Restate the whole listing below word for word and keep the images out.

▶ Dataset section
□ □ □ □

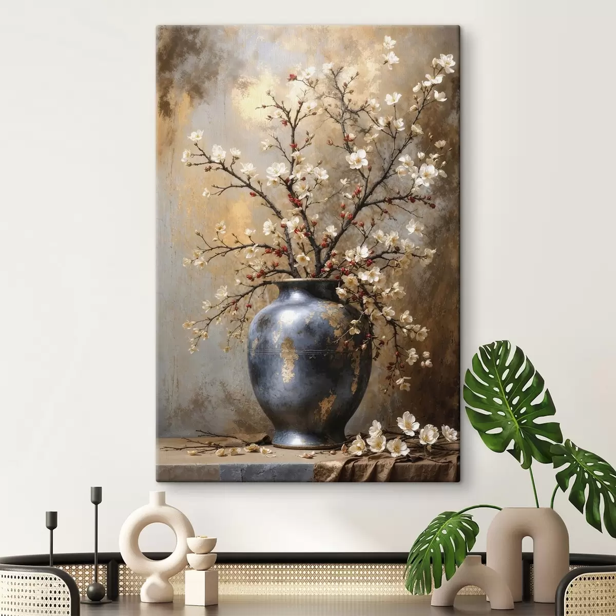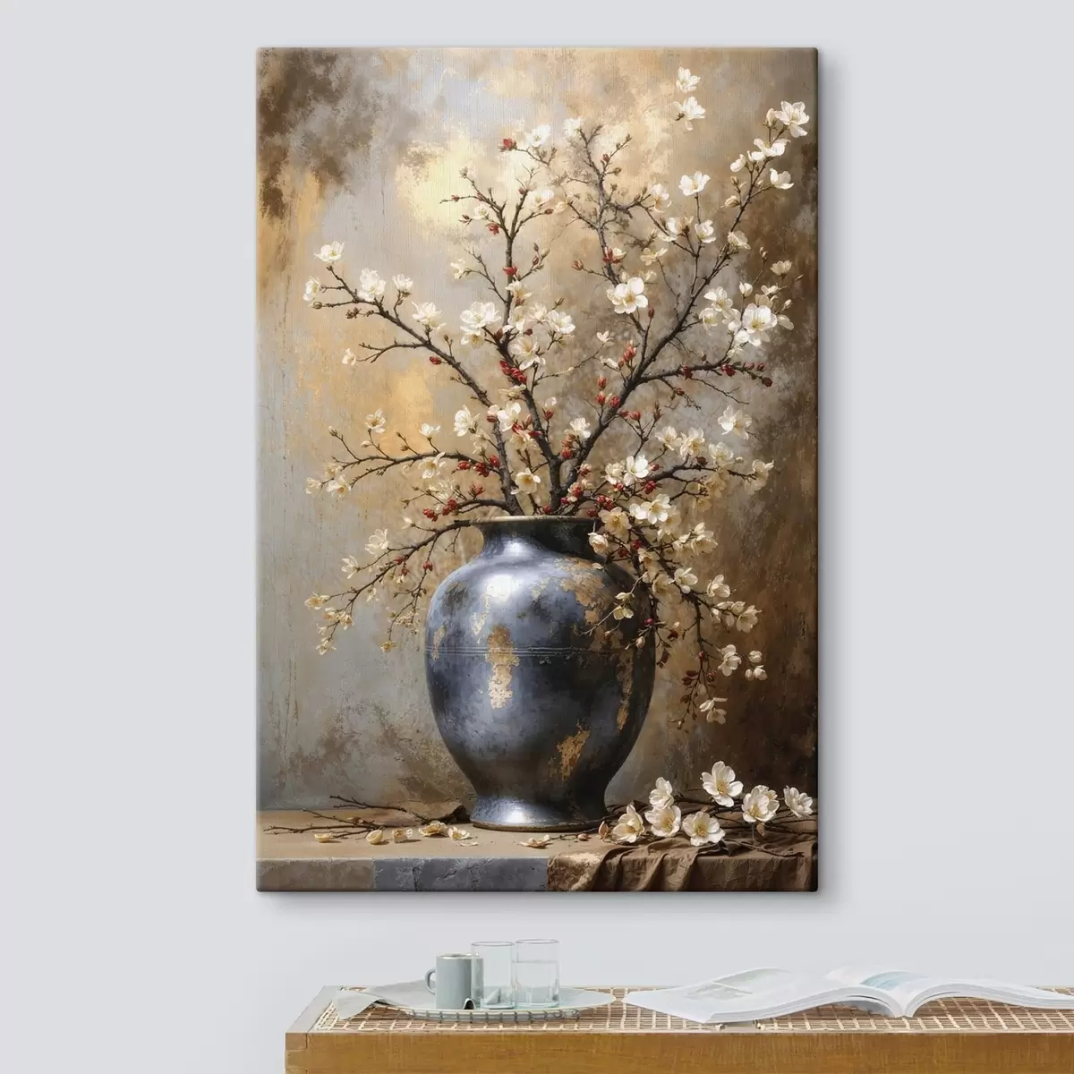 Картина Квітучі гілки у вазі на нейтральному тлі Арт. s48361
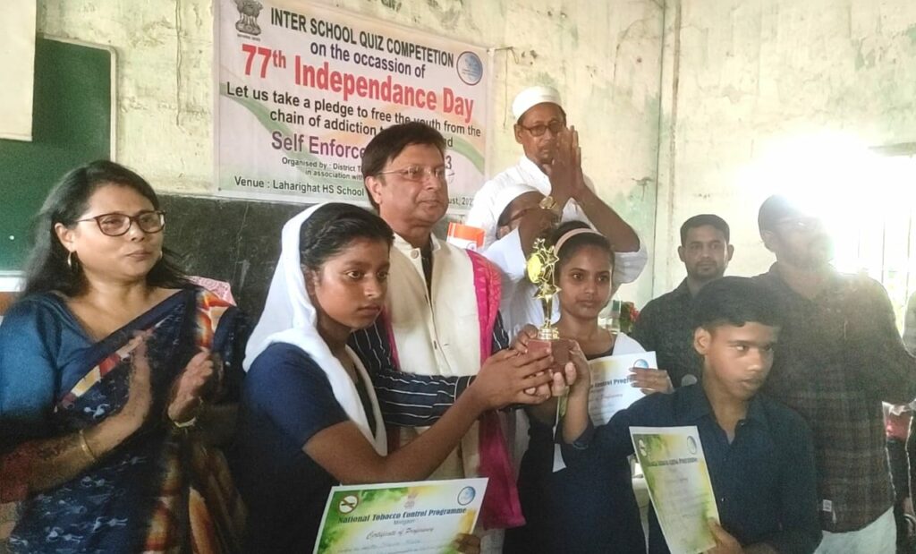 মৰিগাঁও জিলাৰ লাহৰীঘাট উচ্চতৰ মাধ্যমিক বিদ্যালয়ত ” ধঁপাত মুক্ত শিক্ষানুষ্ঠান”ৰ ওপৰত ভিত্তি কৰি এক কুইজ প্ৰতিযোগিতা অনুষ্ঠিত হয়। লাহৰীঘাট অঞ্চলৰ ৭ খন বিদ্যালয়ৰ ছাত্র ছাত্রী সকলে মুঠ ১৬ টা গ্ৰোপত কুইজ প্ৰতিযোগিতাত অংশ গ্রহণ কৰি যৌথ ভাৱে লাহৰীঘাট উচ্চতৰ মাধ্যমিক বিদ্যালয় আৰু তিনিচুকীয়া মাধ্যমিক বিদ্যালয়ে প্ৰথম স্থান আৰু তিনিচুকীয়া মাধ্যমিক বিদ্যালয়ে দ্বিতীয় স্হান লাভ কৰি জিলা আয়ুক্তৰ হাতৰপৰা ট্ৰফী আৰু মানপত্র গ্রহণ কৰে। দুপৰীয়া ১.৪৫ মিনিটত ৭৭ তম স্বাধীনতা দিবস উপলক্ষে চৰকাৰৰ নিৰ্দেশ মৰ্মে ” মেৰে মিট্টি মেৰে দেশ ” কাৰ্যসূচীত জিলা আয়ুক্ত দেবাশীষ শৰ্মাই বৃক্ষ ৰোপন কৰে আৰু শপথ বাক্য পাঠ কৰায়। মুকলি সভা আৰু বঁটা বিতৰণী সভা সঞ্চালনা কৰে বিদ্যালয়ৰ ভাৰপ্ৰাপ্ত অধ্যক্ষ নুৰুল হুছেইনে।
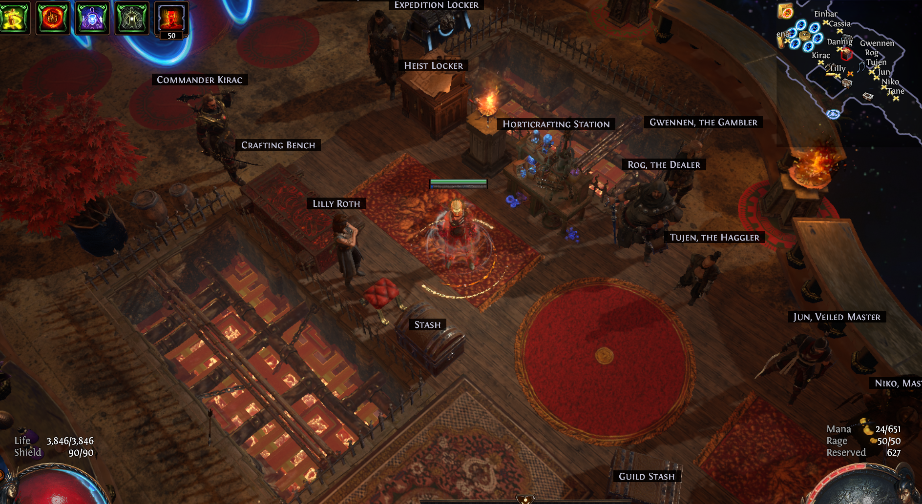 North-West wing: Celestial Waypoint, Mapping and Crafting with easy access to all vendors and chests.

□ □ □ □

▶ Answer to this problem
 Картина Квітучі гілки у вазі на нейтральному тлі Арт. s48361
 মৰিগাঁও জিলাৰ লাহৰীঘাট উচ্চতৰ মাধ্যমিক বিদ্যালয়ত ” ধঁপাত মুক্ত শিক্ষানুষ্ঠান”ৰ ওপৰত ভিত্তি কৰি এক কুইজ প্ৰতিযোগিতা অনুষ্ঠিত হয়। লাহৰীঘাট অঞ্চলৰ ৭ খন বিদ্যালয়ৰ ছাত্র ছাত্রী সকলে মুঠ ১৬ টা গ্ৰোপত কুইজ প্ৰতিযোগিতাত অংশ গ্রহণ কৰি যৌথ ভাৱে লাহৰীঘাট উচ্চতৰ মাধ্যমিক বিদ্যালয় আৰু তিনিচুকীয়া মাধ্যমিক বিদ্যালয়ে প্ৰথম স্থান আৰু তিনিচুকীয়া মাধ্যমিক বিদ্যালয়ে দ্বিতীয় স্হান লাভ কৰি জিলা আয়ুক্তৰ হাতৰপৰা ট্ৰফী আৰু মানপত্র গ্রহণ কৰে। দুপৰীয়া ১.৪৫ মিনিটত ৭৭ তম স্বাধীনতা দিবস উপলক্ষে চৰকাৰৰ নিৰ্দেশ মৰ্মে ” মেৰে মিট্টি মেৰে দেশ ” কাৰ্যসূচীত জিলা আয়ুক্ত দেবাশীষ শৰ্মাই বৃক্ষ ৰোপন কৰে আৰু শপথ বাক্য পাঠ কৰায়। মুকলি সভা আৰু বঁটা বিতৰণী সভা সঞ্চালনা কৰে বিদ্যালয়ৰ ভাৰপ্ৰাপ্ত অধ্যক্ষ নুৰুল হুছেইনে।
 North-West wing: Celestial Waypoint, Mapping and Crafting with easy access to all vendors and chests.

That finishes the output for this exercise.